We propose a new technique for creating a space-efficient index for large repetitive text collections, such as pangenomic databases containing sequences of many individuals from the same species. We combine two recent techniques from this area: Wheeler graphs (Gagie et al., 2017) and prefix-free parsing (PFP, Boucher et al., 2019). Wheeler graphs (WGs) are a general framework encompassing several indexes based on the Burrows-Wheeler transform (BWT), such as the FM-index. Wheeler graphs admit a succinct representation which can be further compacted by employing the idea of tunnelling, which exploits redundancies in the form of parallel, equally-labelled paths called blocks that can be merged into a single path. The problem of finding the optimal set of blocks for tunnelling, i.e. the one that minimizes the size of the resulting WG, is known to be NP-complete and remains the most computationally challenging part of the tunnelling process. To find an adequate set of blocks in less time, we propose a new method based on the prefix-free parsing (PFP).
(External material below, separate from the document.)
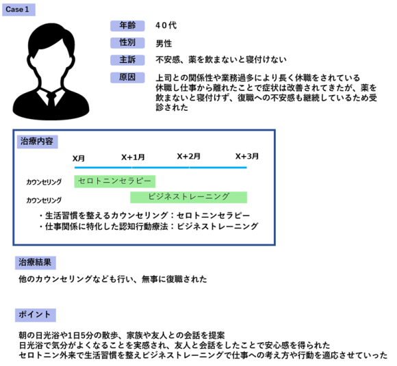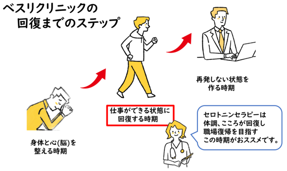 うつ状態の回復期に重要なセロトニンやオキシトシンといったホルモンを分泌しやすい生活習慣をつくっていくためのアドバイスを行っています。

The idea of PFP is to divide the input text into phrases of roughly equal sizes that overlap by a fixed number of characters. The original text is represented by a sequence of phrase ranks (the parse) and a list of all used phrases (the dictionary). In repetitive texts, the PFP of the text is generally much shorter than the original. To speed up the block selection for tunnelling, we apply the PFP to obtain the parse and the dictionary of the text, tunnel the WG of the parse using existing heuristics and subsequently use this tunnelled parse to construct a compact WG of the original text. Compared with constructing a WG from the original text without PFP, our method is much faster and uses less memory on collections of pangenomic sequences. Therefore, our method enables the use of WGs as a pangenomic reference for real-world datasets.

查看原文本刊更多论文

用于构建大型隧道惠勒图的无前缀解析

我们提出了一种新技术，用于为大型重复文本集合创建空间高效索引，例如包含来自同一物种的许多个体序列的泛基因组数据库。我们结合了该领域的两种最新技术:Wheeler图(gieet al.， 2017)和无前缀解析(PFP, Boucher et al.， 2019)。惠勒图(WGs)是一个基于Burrows-Wheeler变换(BWT)的包含多个索引的通用框架，如fm指数。惠勒图承认一个简洁的表示，它可以通过使用隧道的思想进一步压缩，隧道利用冗余的形式，以平行的，相等标记的路径称为块，可以合并成一条路径。寻找隧道掘进的最优块集的问题，即最小化所产生的WG大小的问题，已知是np完全的，并且仍然是隧道掘进过程中最具计算挑战性的部分。为了在更短的时间内找到合适的块集，我们提出了一种基于无前缀解析(PFP)的新方法。PFP的思想是将输入文本分成大小大致相等的短语，这些短语由固定数量的字符重叠。原始文本由短语序列(解析)和所有使用过的短语列表(字典)表示。在重复的文本中，文本的PFP通常比原文短得多。为了加快隧道化的块选择，我们使用PFP获得文本的解析和字典，使用现有的启发式方法隧道化解析的WG，然后使用该隧道化解析构造原始文本的紧凑WG。与不使用PFP从原始文本构建WG相比，我们的方法在全基因组序列集合上速度更快，占用的内存更少。因此，我们的方法可以使用WGs作为真实世界数据集的泛基因组参考。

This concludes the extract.